▶ **EXERCISE BRIEF**
What you give back from the listing below should be an exact copy of the lines from the one with "행사는 합동 위령탑에" down to the one with "찾아라!'를 개최한다고 밝혔다.", and it should contain no pictures.

── SUPPLIED ENTRIES

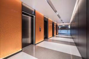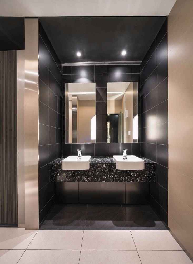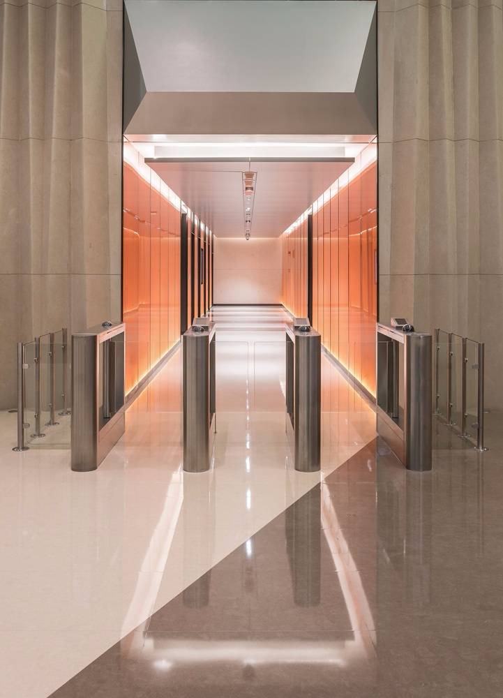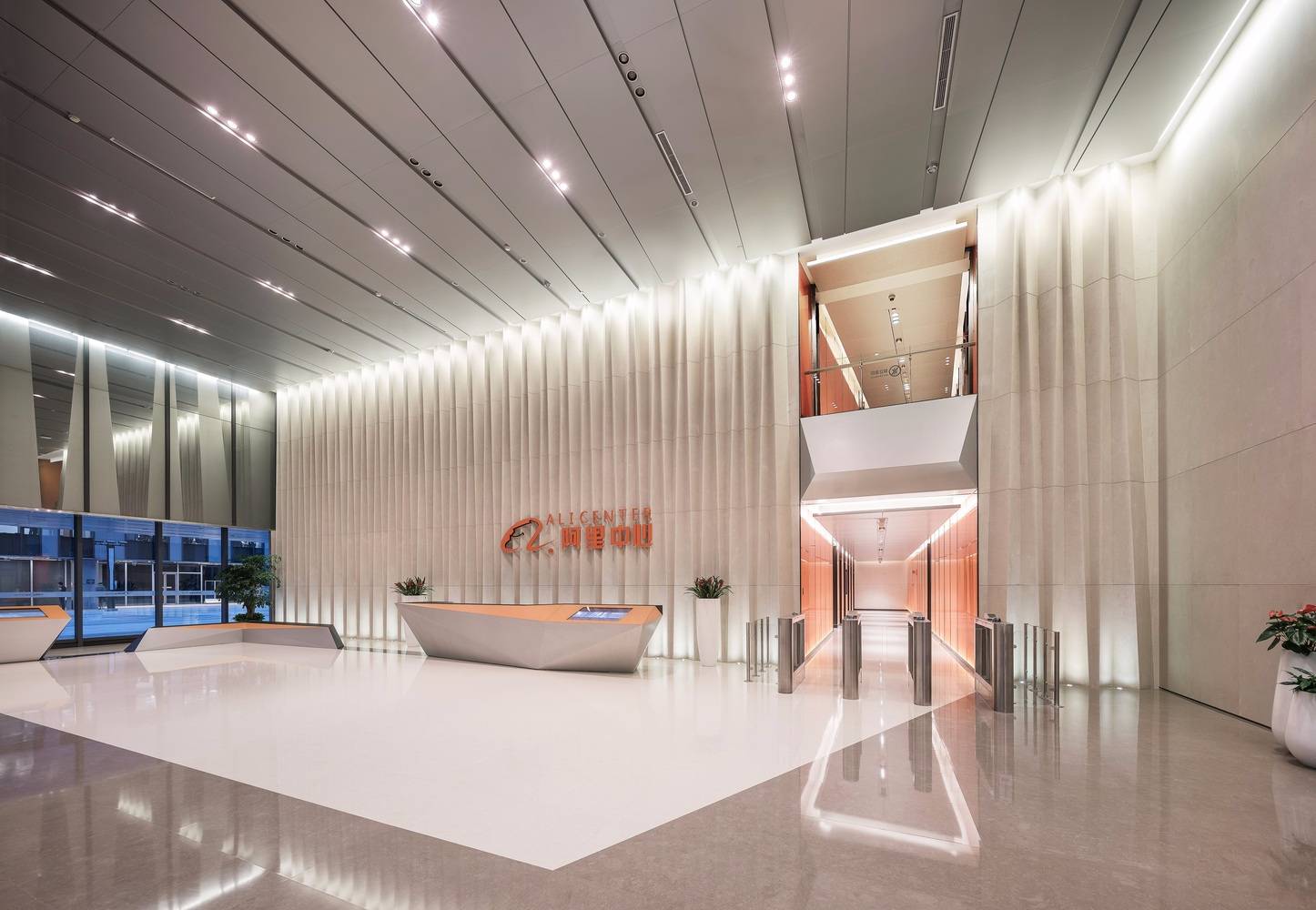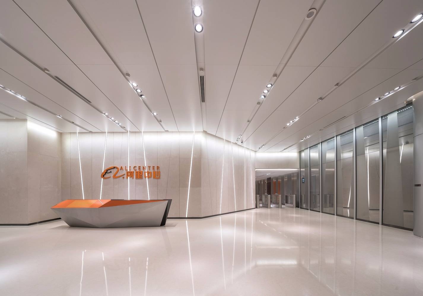 大堂的室內(nèi)設(shè)計遵循阿里巴巴提出的設(shè)計要求,考慮兩種不同的類型,即位于2、3號樓的主大堂和1、4號樓的次大堂,體現(xiàn)了整體風(fēng)格一致性及阿里巴巴品牌特征性的同時,在設(shè)計上利用“阿里橙”及墻面用材進行造型組合,區(qū)分了各自大堂空間的特色和標志性。橙色也大膽地運用在大堂前臺和信息臺以及電梯廳中,讓一到達阿里中心的訪客們和工作者第一時間感受到了企業(yè)文化的渲染力及歸屬感。一些私密空間設(shè)計上,比如衛(wèi)生間的處理上,大體塊面運用黑灰色大理石材質(zhì)及香檳金屬板,大氣又兼具現(xiàn)代感。
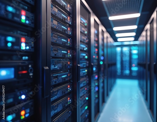 Server room with many server racks stacked on. Modern data center with high-tech equipment, servers, cabling. Database servers, computing, cloud, data storage, backup. Digital cyberspace, cyber
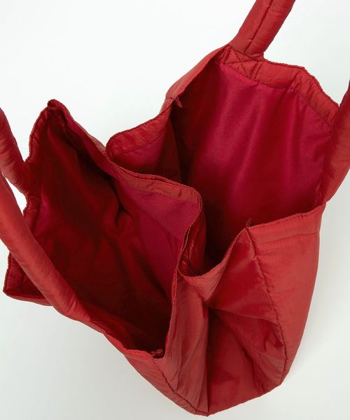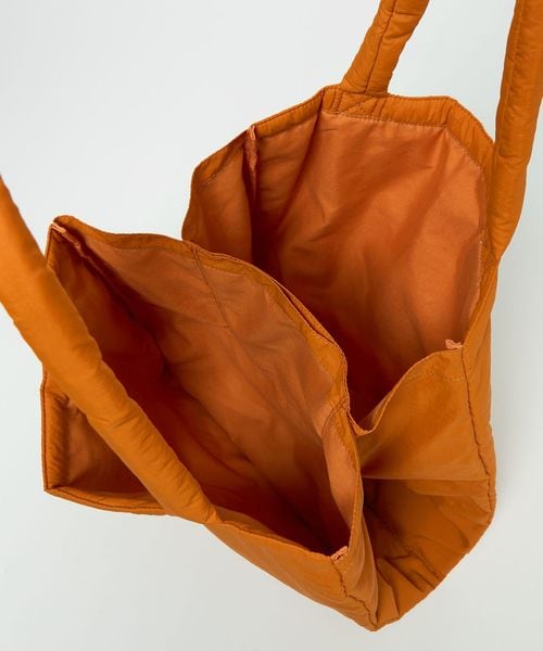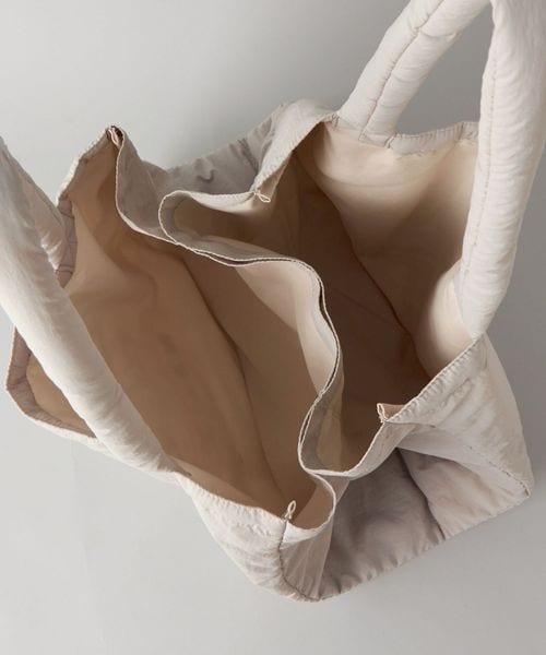 程よいパファー感のある、A4サイズがすっぽり入るトートバッグ。
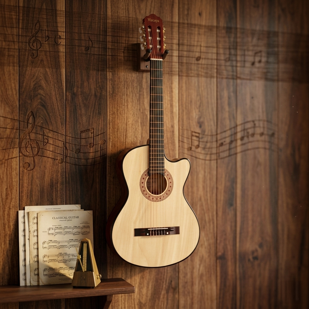 El aprendizaje técnico requiere un instrumento que se adapte al músico. Esta guitarra cuenta con un mástil de arce con perfil en D, una forma que proporciona un apoyo sólido y ergonómico para la mano, reduciendo la fatiga durante sesiones extensas de estudio. El diapasón de madera técnica con radio plano permite que la digitación de acordes y escalas sea fluida y precisa, respetando las dimensiones tradicionales de la luthería clásica con su cejuela de 52 mm. Este diseño técnico garantiza que el usuario pueda concentrarse en la ejecución y la postura correcta sin lidiar con la incomodidad de instrumentos mal balanceados.
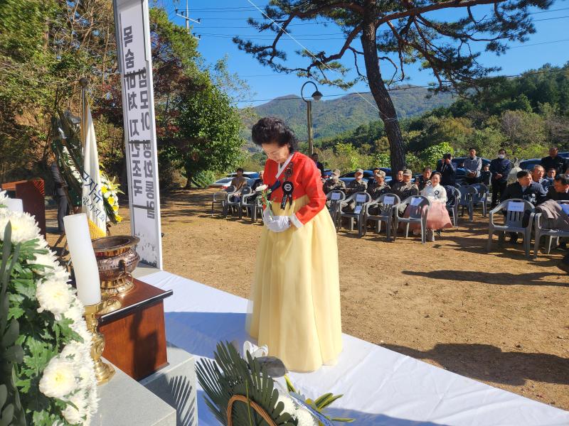 행사는 합동 위령탑에 대한 헌화와 분향을 시작으로 국민의례, 내빈 소개, 근의장대의 조총례, 유족 및 기관·단체 현황 보고, 종교 의식, 추모회장 추념사, 기관 단체장 추도사, 여성회장 조시 낭독 순으로 엄숙하게 진행됐다. 참석자들은 묵념과 조총례를 통해 희생자들에 대한 경의를 표하고, 유가족들에게 위로의 뜻을 전했다.
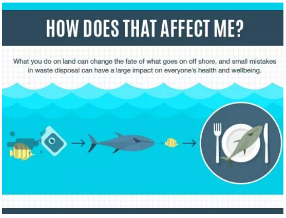 據(jù)調(diào)查,海鮮、牛肉、海鹽、自來水等都有被塑料污染的情況。 無法被分解的塑料進入海洋生物體內(nèi),沉積到血液、脂肪、肌肉里,最后又被人類吃下了肚。
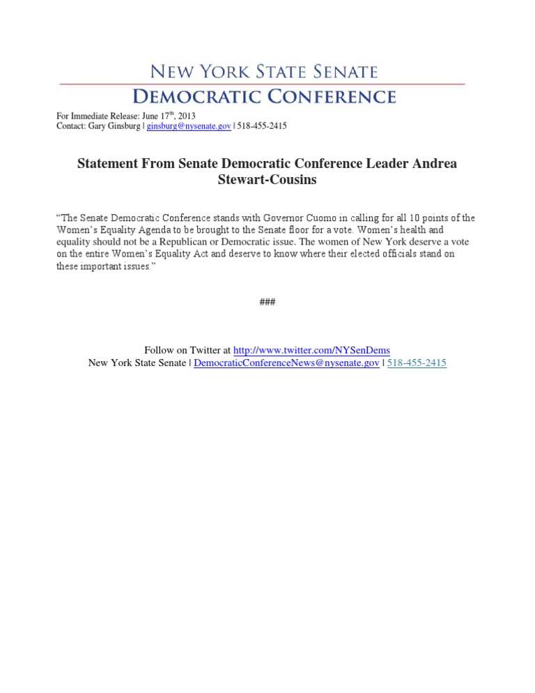 Statement From Senate Democratic Conference Leader AndreaStewart-Cousins
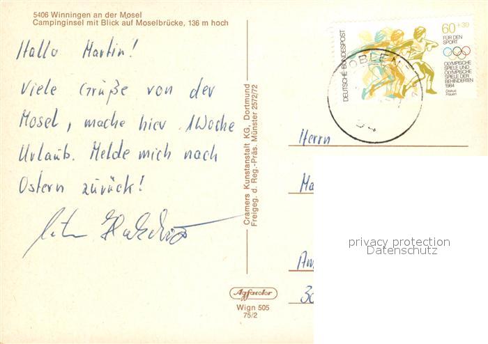 73020576 alte Postkarte Winningen Mosel Campinginsel mit Moselbruecke Fliegeraufnahme postalisch gelaufen Erhaltung siehe scans [WerneD78] KatCode: 11110007137230
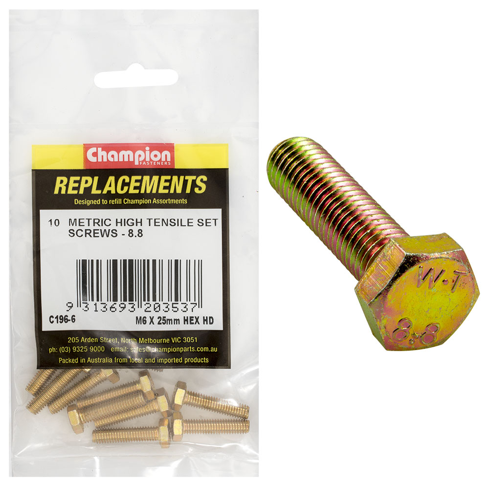 Champion M6 x 25mm x 1.00 Set Screw -Gr.8.8 -10pk
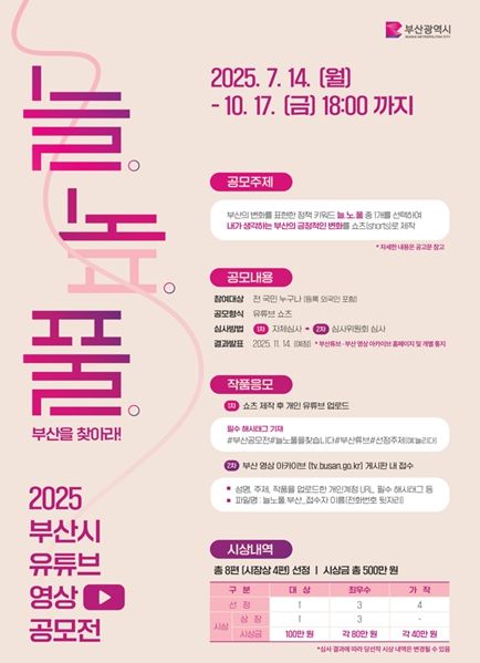 ㈜한국탑뉴스 송행임 기자 | 부산시는 오는 7월 14일부터 10월 17일까지 2025년 부산시 유튜브 영상 공모전 '늘. 노. 풀. 부산을 찾아라!'를 개최한다고 밝혔다.
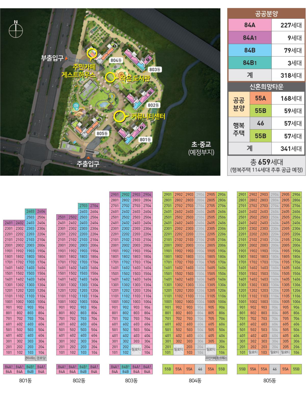 2개 동은 55타입으로 신혼희망타운으로 공급하게 됩니다.
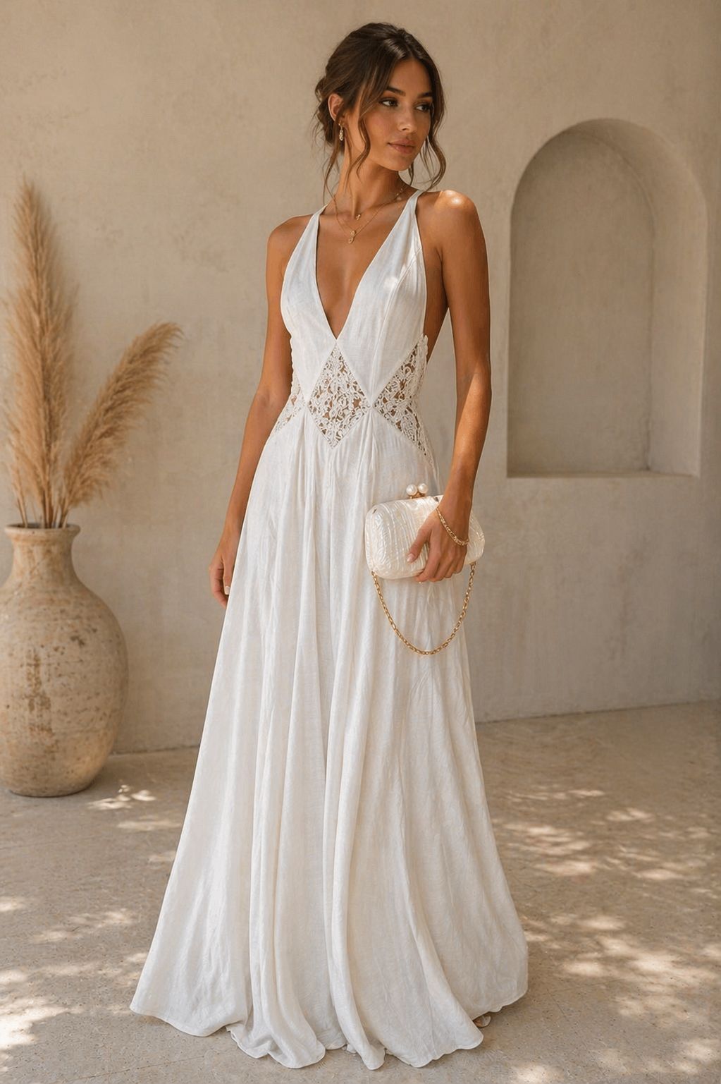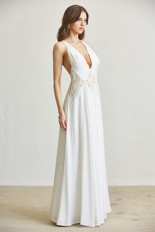 Elevate your wardrobe with this effortlessly feminine maxi dress designed to captivate from every angle. Featuring a plunging neckline and delicate lace paneling at the waist, this silhouette enhances your natural shape while maintaining an airy, elegant flow. The low-back design adds a subtle yet striking allure, making it the perfect statement piece for daytime events, vacations, or romantic evenings.

────

▶ **PROBLEM SOLUTION**
 행사는 합동 위령탑에 대한 헌화와 분향을 시작으로 국민의례, 내빈 소개, 근의장대의 조총례, 유족 및 기관·단체 현황 보고, 종교 의식, 추모회장 추념사, 기관 단체장 추도사, 여성회장 조시 낭독 순으로 엄숙하게 진행됐다. 참석자들은 묵념과 조총례를 통해 희생자들에 대한 경의를 표하고, 유가족들에게 위로의 뜻을 전했다.
 據(jù)調(diào)查,海鮮、牛肉、海鹽、自來水等都有被塑料污染的情況。 無法被分解的塑料進入海洋生物體內(nèi),沉積到血液、脂肪、肌肉里,最后又被人類吃下了肚。
 Statement From Senate Democratic Conference Leader AndreaStewart-Cousins
 73020576 alte Postkarte Winningen Mosel Campinginsel mit Moselbruecke Fliegeraufnahme postalisch gelaufen Erhaltung siehe scans [WerneD78] KatCode: 11110007137230
 Champion M6 x 25mm x 1.00 Set Screw -Gr.8.8 -10pk
 ㈜한국탑뉴스 송행임 기자 | 부산시는 오는 7월 14일부터 10월 17일까지 2025년 부산시 유튜브 영상 공모전 '늘. 노. 풀. 부산을 찾아라!'를 개최한다고 밝혔다.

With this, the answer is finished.